Which parts of Canada’s or Europe’s health care shall we emulate?

That’s what I ask in an eLetter at published in the Denver Post’s website:

Re: “Taking care of our own,” Sept. 6 Pius Kamau column

Dr. Pius Kamau (Opinion, Sept. 5) suggests we “copy those parts of the Canadian and European systems that best suit us.” But which parts?

Surely it’s not timely medical care. The Canadian Broadcasting Corporation reported that in Ontario, “109 people had a heart attack or suffered heart failure while on the waiting list. Fifty of those patients died.”

Perhaps it’s doctors’ working conditions? Yet a former President of the Canadian Medical Association told the New York Times that “physicians across Canada are in an advanced stage of burnout due to work conditions” which “causes them to retire early…or simply leave.”

Or perhaps surviving diseases? But the American Cancer Society reported that “U.S. patients have better survival rates than European patients for most types of cancer.”

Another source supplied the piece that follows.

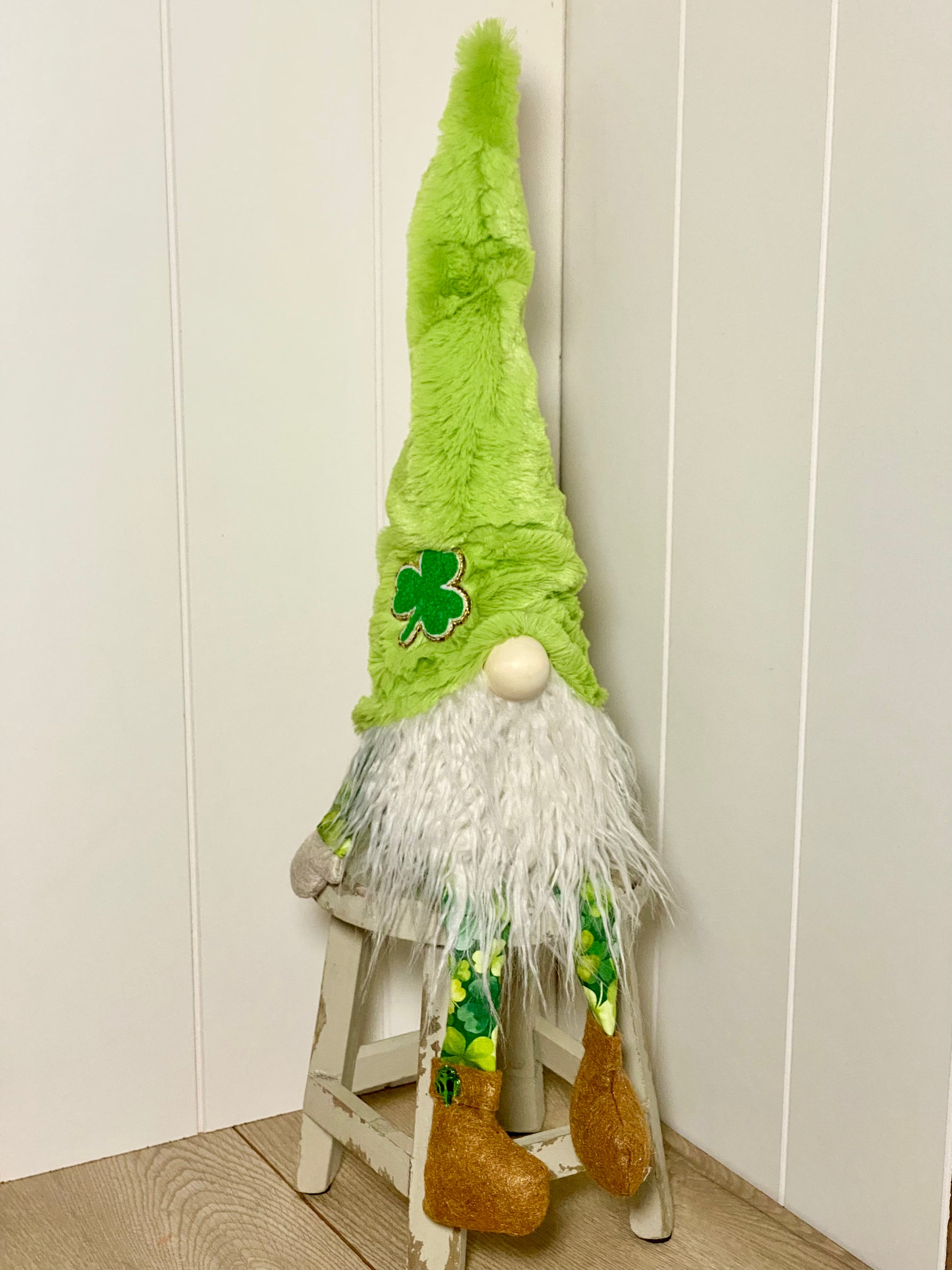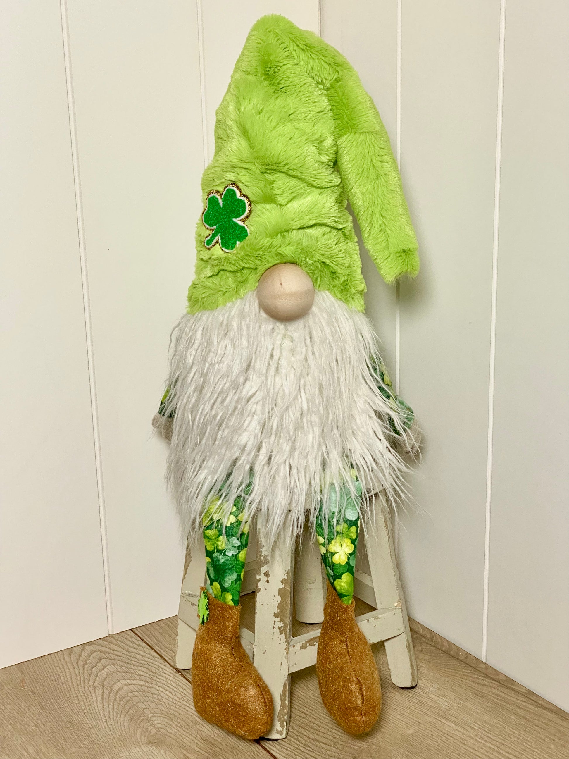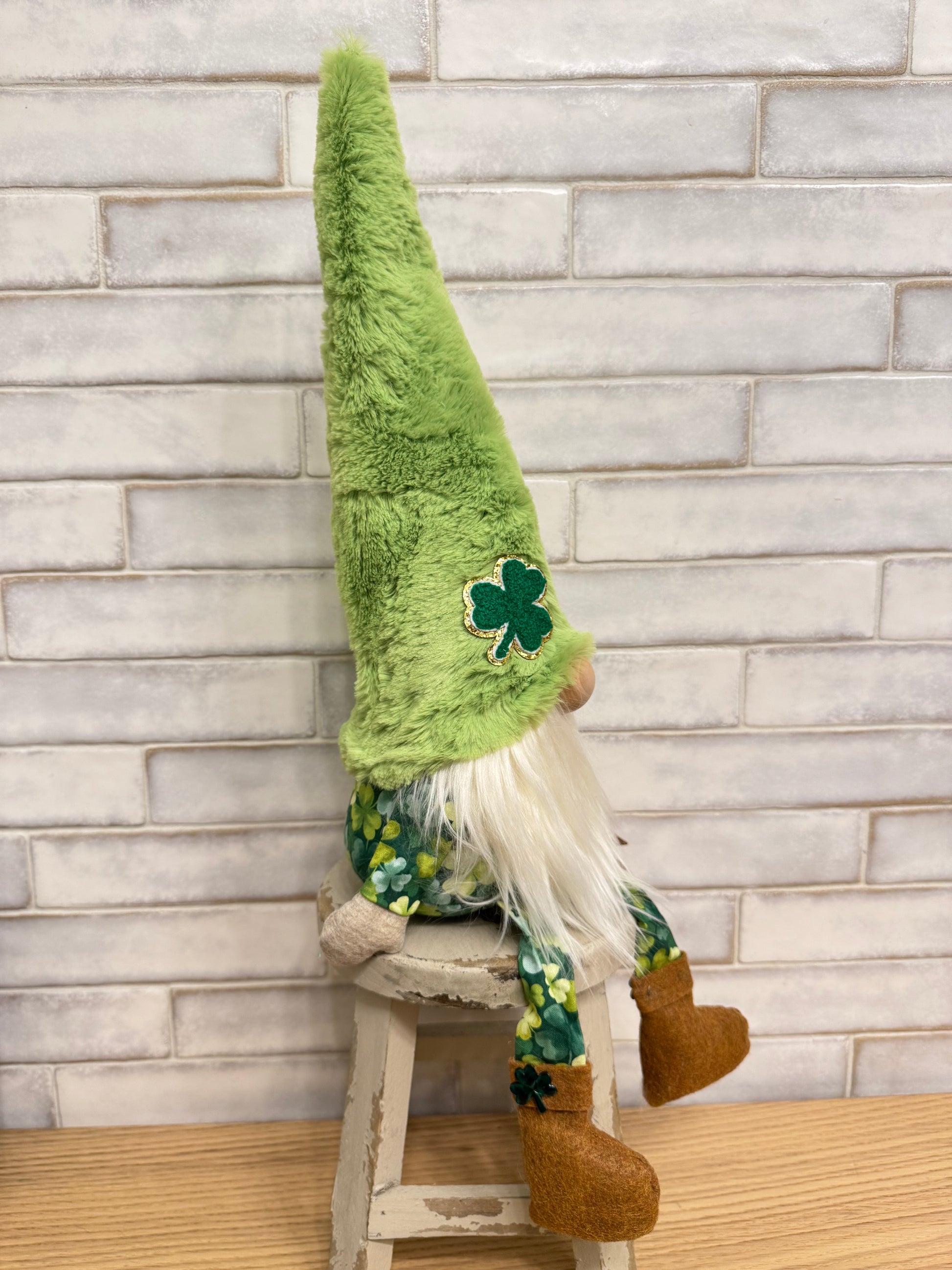 Sheldon Shamrock features a soft light green minky hat with a shamrock on it, rust colored shoes and shamrock fabric.

History has shown that government-controlled economies fail. Compare thriving West Germany and South Korea to desolate East Germany and North Korea. Medicine is no exemption. As my free-market proposal to the 208 Commission (”FAIR,” at WhoOwnsYou.org) shows, our medical care suffers from too much government interference, not too little. Effective reform requires eliminating government controls that prevent free markets from delivering quality, low-cost medical care — just as they provide other essential goods and services.